Work In Progress

Drama and characters (Random Thoughts)

Having watched Season 1 and most of Season 2 of Dawson's Creek, and having read the episode synopses for the remaining 4 seasons, one of the things which really struck me is that a drama — written like Dawson's Creek — is fundamentally cruel. The same people need to be fodder for drama all the time, and so they must be constantly tormented. Everything given must eventually be taken back, and it often is before long.

This is the fundamental weakness of television — it can't tell love stories. Television doesn't end, so it can't have a "happily ever after"; it must go on, and it must be entertaining.

I think that dramatic series are fundamentally stronger when something good is permitted to last. I occasionally think that television is largely written by sadists who can't stand there to be anything good.
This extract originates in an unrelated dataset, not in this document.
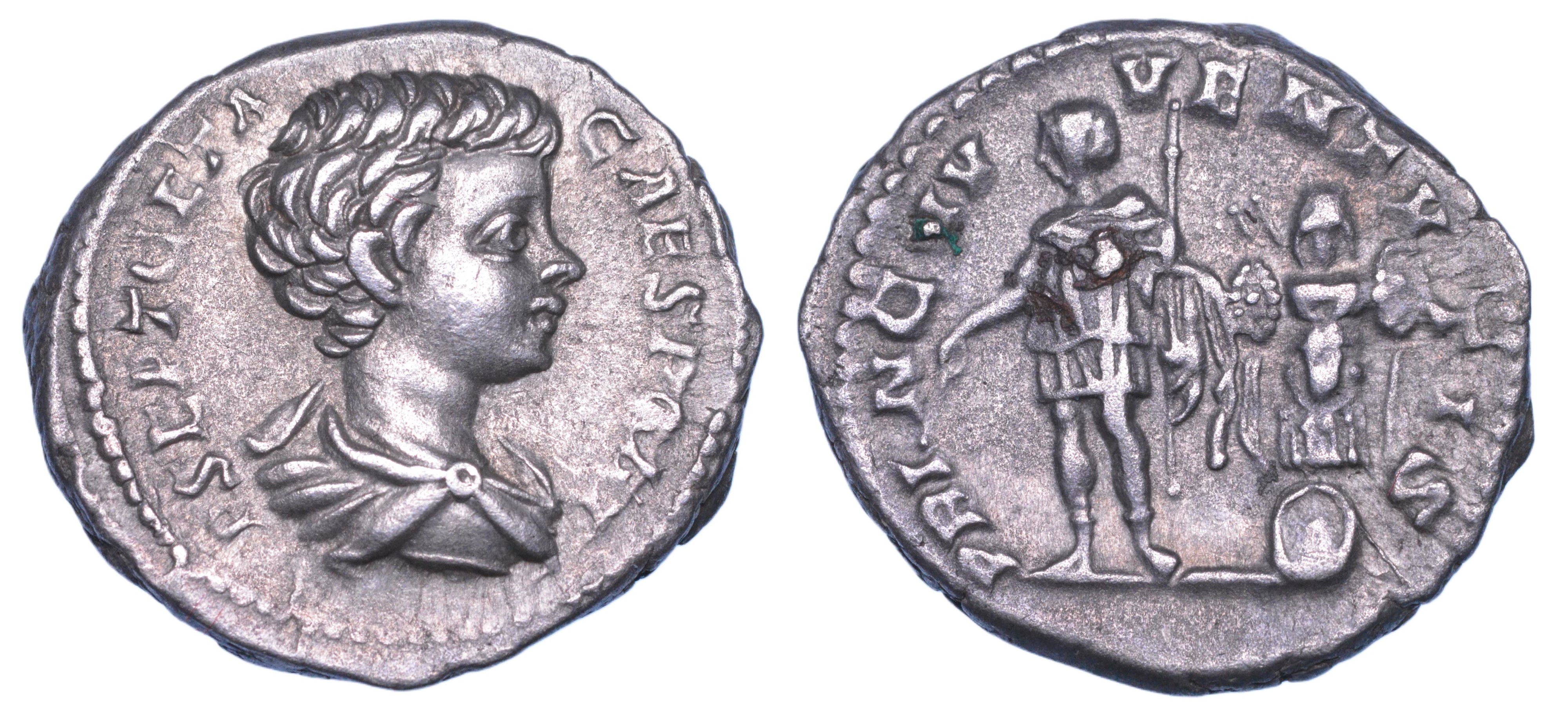 Busto drappeggiato a d. R/ Geta stante a s., in abiti militari, tiene ramo e scettro; dietro, trofeo. Coh. 157. RIC 18. g. 3,53. Diam. mm. 17,23. Arg. q.SPL

It's very difficult to find a television show with an arc which isn't all about destruction. (Another thing which television suffers from is that actors often move on, making television character's lives even more unstable.)

The exception, I think, are comedies. The Nanny was about a romance between Miss Fine and Mr Sheffeild; eventually they were married. There are, surely, other examples of this, though they don't come to mind at the moment. The reason, if I'm correct about this trend, is that comedies get their primary material from the small things, whereas drama takes its main material from the big things. Thus comedies can have happy characters, whereas dramas are always mean to their characters.